1. Field of the Invention
The present invention relates to an image processing method, device and system for allowing image data, such as a page layout created on an image processing terminal using an application, to be subject to image processing such that the image data can be outputted with a printer.
2. Description of the Related Art
Desktop Publishing (DTP) has increased in use and popularity with the progress of digitalization in the field of print processing. DTP system can create, process and edit an image on an image processing terminal, such as a personal computer or a workstation, using various applications to create a page layout. In a color electronic plate-making system (CEPS), a printing device creates film for exposing a printing plate based on the page layout, and directly writes on the printing plate so as to create a press plate for printing (CTP: Computer to Plate).
When proofing is performed prior to printing or the like using an actual press plate, the page layout is displayed on a monitor, and then printed out using a WYSIWYG function or the like with a print output device such as a laser printer or a page printer.
In the printing process using the press plate, when colors are overlapped and plate misalignment occurs, color drift of an image or gaps between colors appear on the printed material. Particularly when overlapping a foreground color on a knockout (unprinted area) in the shape of the foreground object, formed on a background, plate misalignment causes white gaps to appear on the edges of the knockout shape. In order to prevent this, a trapping process is executed.
The trapping process includes spreading the foreground object and choking the knockout shape. In the spread process, for example, when a circular object is overlapped on a square object, the inside of the square object is knocked out in the shape of the circular object, and the circular object is drawn so as to be larger than the original circular object. In the choke process, the inside of the square object is knocked out in the shape of the circular object such that the knocked out shape is smaller than the circular object, and the circular object is drawn in the original size.
As a result, in both the spreading and choking, trapping in which the periphery edge portion of the circular object is overprinted on the square object is realized.
In order to achieve overprinting using a color printer, separated output for data of individual colors such as cyan (C) magenta (M). yellow (Y) and black (B) is required, as is the case when creating a press plate. For this reason, respective separation plates must be synthesized and output by using an image processing device having a synthesizing function. However, synthesizing image data separated and outputted on the application side requires hardware having large memory capacity and high processing ability. Moreover, separation output requires longer processing time than composite output, wherein image data is outputted without separating color into C, M, Y and K.

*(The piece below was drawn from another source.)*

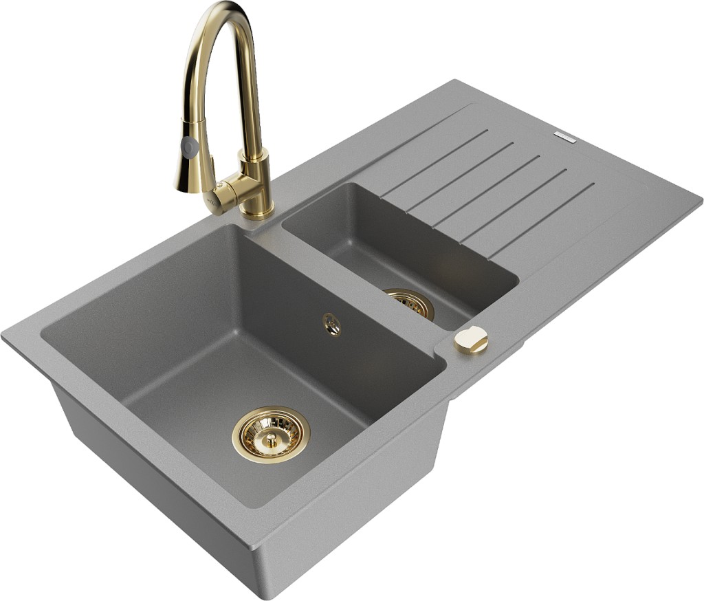 Technické dáta: drez: Rozmer: 900x505x200mm Hĺbka komory: 180 mm (väčšia), 115 mm (menšia) Rozmery komory: 435x335 mm (väčšie), 345x150 mm (menšie) Priemer odtoku: ø90 mm Typ: 1,5-miska s krátkym odkvapkávačom Typ: Zapustené do pracovnej dosky Šedá farba Povrchová úprava sifónu: zlatá Materiál: žula (80% žulové kamenivo, 20% živice) Prepadový otvor: Áno Otvory: (batérie, automatické) 2 Inštalácia: Univerzálna, je možné inštalovať s odkvapkávačom na ľavú alebo pravú stranu Vysoká odolnosť proti poškriabaniu a zmene farby Odolnosť proti tepelným šokom Ľahko čistiteľný povrch Dva dodatočné vyfrézované otvory na samodierovanie ø35 kuchynská batéria: Materiál: mosadz Farba: Zlatá Hlava: Keramická Prevzdušňovač: Áno Typ: Jedna páka Výška batérie: 380 mm Rozsah výtoku: 252 mm Typ výtoku: Výsuvný(GT) Ean: 5905315027535

A technique has been proposed in which the trapping process is carried out on a bit map image read by a layout scanner or the like (for example, see Japanese Patent Application Laid-Open (JP-A) No. 2000-106628).
However, implementation of this technique has several drawbacks in that expensive hardware is required, and it is difficult to reproduce setting of trap width, choke and spread for each object set by an application.
Namely, in the composite output, the application outputs only a drawing code for executing a process (e.g., “drawing a square and a circle”), and this code does not include a drawing code in which the trapping is taken into consideration. For this reason, in order to reproduce the trapping by means of the composite output, it is necessary to knockout the object in which the trapping is set and to perform trapping before that object is drawn.
In a standard drawing command, a “path ” for describing a shape composed of a series of connected points, lines, and curved lines, and non-connected points, lines, and curved lines, is constructed, after which actual drawing is executed. At this time, there is no guarantee that the constructed path will definitely be drawn, and thus the path might be used for a clip (drawing area specification) or occasionally discarded. Therefore, when knocking out is executed at the time of constructing the path, if the purpose or use of the path is unknown, the possibility exists that a different or undesirable drawing result will be obtained.
For this reason, knocking out must be executed not at the time of path construction but rather at the actual drawing stage. However, it is difficult to obtain information, such as accurate coordinates, from the constructed path. Moreover, it is not easy to determine what object is being drawn. As a result, it is difficult to execute trapping processes such as knocking out the background into a slightly smaller shape than the foreground object, or to draw the foreground shape as slightly larger. In other words, it is difficult to reproduce trapping from the composite output. Accordingly, the conventional art produces results that are far from satisfactory and is thus in need of improvement.